Citing, References and Documentation according to the Chicago Manual of Style
Notes without Bibliography*

In this style, sources are identified using footnotes (or endnotes). The footnote reference number is put at the end of the sentence, outside the quotation marks and after the full stop or other punctuation.
Izzard suggests that “all this is true.”1
For clarity's sake, however, the reference number may be placed within the sentence. In this case, it follows any punctuation except a dash.
While Izzard suggested that all that was true,2 it was questionable whether...
When citing for the first time, you need to give all details of publication (examples to follow). When citing for the second or subsequent time, however, only the author's name and the page number need to be given:
8 Sanders, 345.
If more works are used by the same author, an abbreviated version of the title may be included:
8 Sanders, Essay, 345.
If you refer to lines of poetry often and from the same poem, you may place line numbers in parentheses (MLA style) to avoid an excess of footnotes. In this case, the reference comes after the quotation mark, but before the punctuation. Use "l." for "line", and "ll." for "lines".
... life to thee” (l. 14).
At the first occurrence of such a reference, include a similar note:
14 All parenthesized references are to ...

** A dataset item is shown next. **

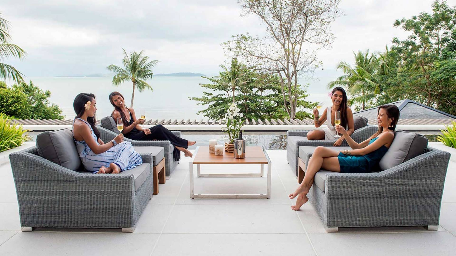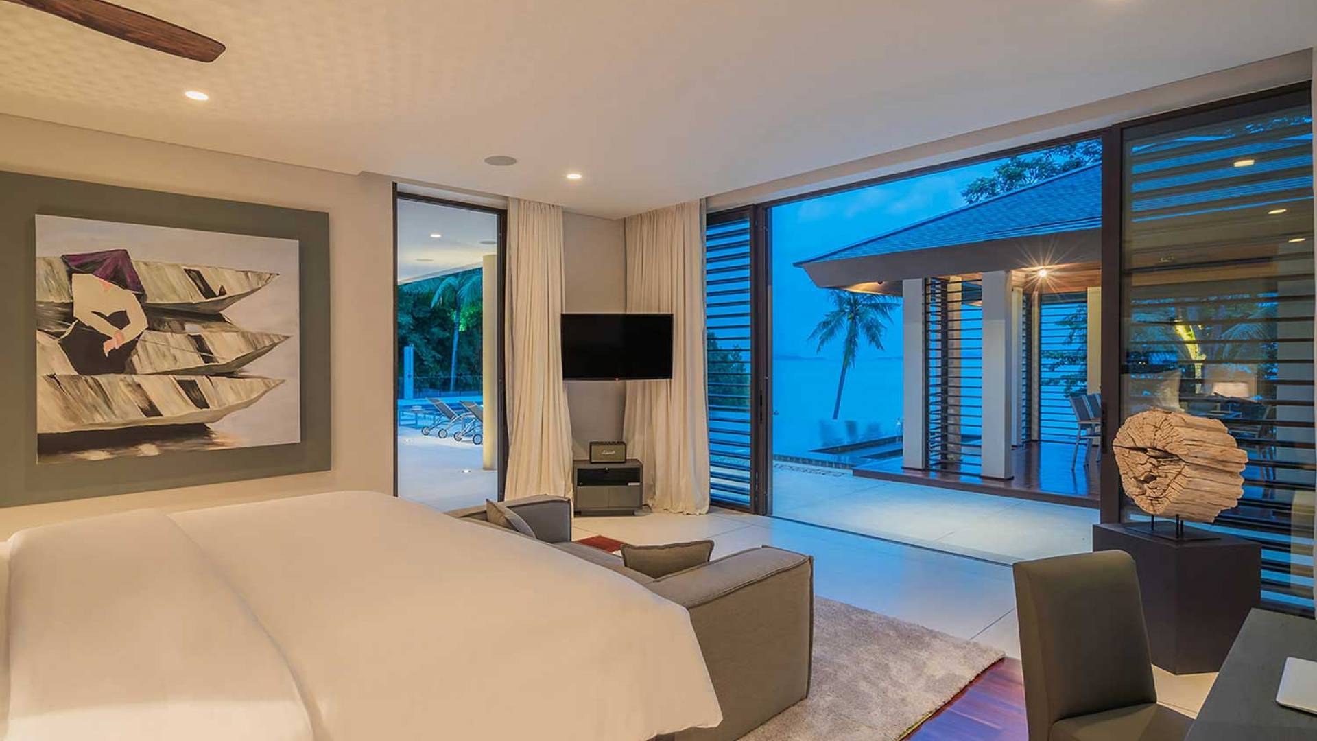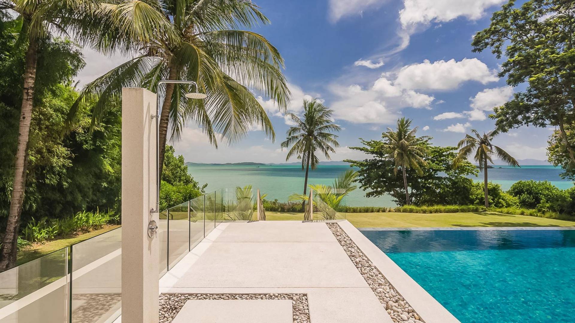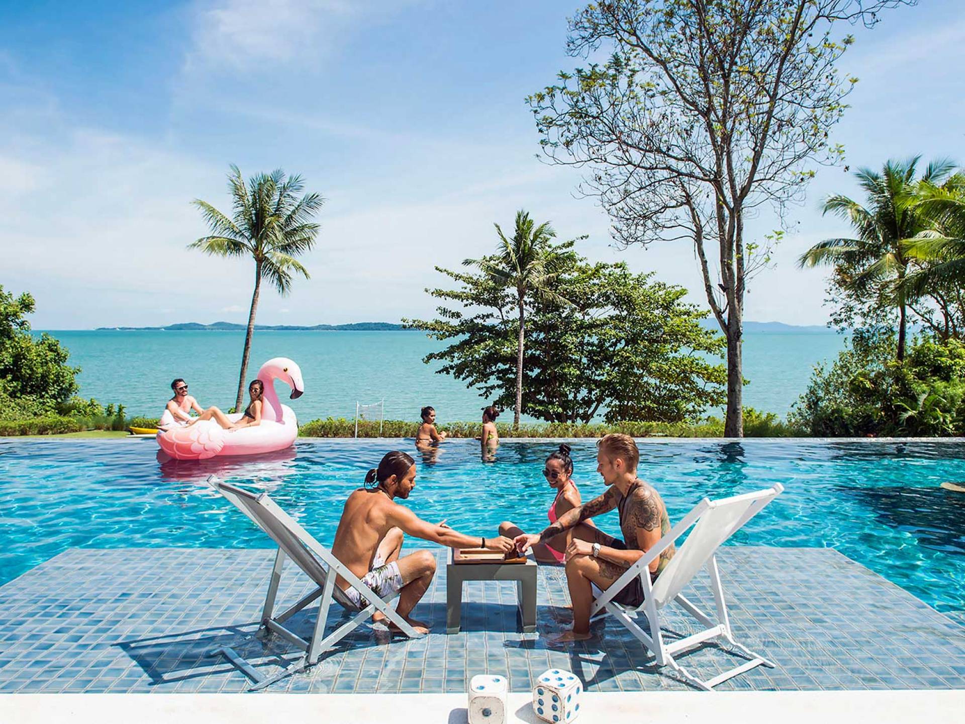 Las 4 luminosas habitaciones con baño disfrutan de vistas cinematográficas. Imagínese despertarse por la mañana y pasar unos momentos en la cama mientras contempla las espectaculares vistas. Villa Naam ofrece lujosos espacios para vivir y comer, mientras que su piscina infinita privada de 30 metros de largo con su bar en la piscina lo dejará asombrado. Amplios jardines con césped y altas palmeras aíslan la villa y ofrecen total privacidad a sus huéspedes. El amable equipo de personal incluye un chef ejecutivo, asistentes de limpieza, personal de servicio y seguridad.

Examples of full references

  • Book
    2 William Saunders, A Guide to Cooking (Cambridge, Mass.: River Press, 1871), 41.
  • Article in a journal
    2 Anthony Berg, “The Echo in Poetry,” Modern Critical Review 138.2 (Fall 1999): 201-212.
  • Work in an anthology or collection
    2 Ann Righte, “Hillside,” in The Anglo-French Anthology of Verse, ed. Gerard Ville (Paris, Mason, 1995), 84-86.
  • Article in dictionary, encyclopedia, or other reference work: use
    s.v. “carrot.”
    (meaning "sub verbo" = "see under the word") instead of page numbers
  • Translated book
    2 Celine Gaston, The Fire on the Page, trans. George T. Tillmann (New York: Vertigo, 1975), 20.
  • Work on the Internet
    2 Ralph G. Williams, “Neverwhere in The Adventures of Tilk,” updated 23 April 2005, <http://iamreading.blogspot.com/neverwhere.html> (cited 12 December 2007), para 2.
  • Lecture, or speech
    2 Howard Garrett, lecture on William Shakespeare, English 108b, Harvard College, Cambridge, MA., 1 February 2005.
For more examples, see the notes (preceded by "N:") on The Chicago Manual of Style Online homepage.

Further points to note

If there is some information missing, use "n.p." (no publisher, no place) or "n.d." (no date).

If you encounter a source quoted in another work, give all publication data of both works and join the citings with "quoted in" or "cited in".


* All examples on this page are fictional. Formats are based on Gordon Harvey, Writing with Sources: A Guide for Harvard Students (Indianapolis / Cambridge: Hackett Publishing Co., 1998) and The Chicago Manual of Style, 15th ed. (Chicago: University of Chicago Press, 1993).